Like water, sand is essential to the existence of society – even in an increasingly digital world. The icon of modern society, the skyscraper, is nearly completely made from sand: from the concrete of the building to the glass of the windows. At present, several global trends are rapidly increasing the exploitation of sand. Rapid urbanization requires largescale construction of roads, bridges, houses, airports and buildings that all require massive amounts of concrete and asphalt. The rise of countries like China and India, which are building cities and infrastructure on a massive scale, is further depleting the stock of sand. Rising sea levels require sand for the fortification of shorelines, especially as people move to the centers of economic activity in coastal areas all over the world.

As the world is running out of sand, a vital resource for modern society, solutions must come from innovative technologies and improved management.

The depleting stock of sand is especially worrying because there are no realistic substitutes. Sand from the desert is not suited to any human use, since the wind in the desert transforms sand beyond its useful size and shape. This is why Dubai imports sand from Australia. Sand on ocean beaches usually consists of shell pieces and increasingly, decomposing plastic – rendering this type of sand useless. To make matters worse, many potential sources of sand lie underneath human settlements, hence exploitation is blocked by regulation. Efforts to reduce consumption are complicated by the fact that many technologies (e.g. solar panels, wind turbines and autonomous vehicles) also depend on sand (silica, foundry sand, roads and highways, respectively).

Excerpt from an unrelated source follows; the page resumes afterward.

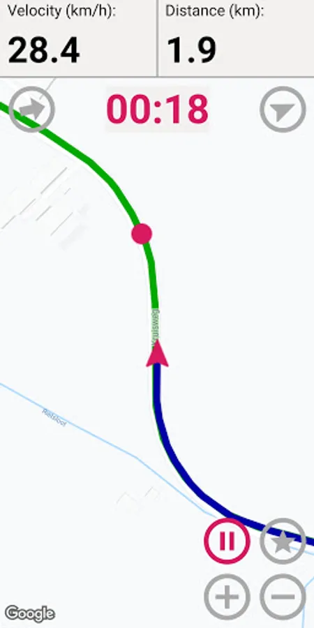You can compare your progress against a previous track. Your competitor is shown as a dot on the map and the time difference is shown in red (behind) or green (ahead).

Solutions are more likely to be innovative technologies and resource management, similar to the challenge of water scarcity. The U.K. already recycles nearly a third of its building materials. Europe plans to recycle 75% of glass by 2025. Singapore will rely on Dutch expertise for its next land reclamation project, which is far less dependent on sand. Such efforts are likely to gain traction, and expertise with sand (like expertise with water) will become more valuable as the world struggles to obtain sufficient resources.

Implications

  • The atomic substrate of our digital modern world is obscure but fundamental to the entire ‘Stack’ of the global economy. Scarce resources like water, sand, and rare earth materials will increasingly create geopolitical struggles, and benefit those that command large shares of these resources.
  • Irreplaceable resources like water and sand require innovative techniques to recycle, increase efficiency or even construct circular models – especially since substitutes are far from reality.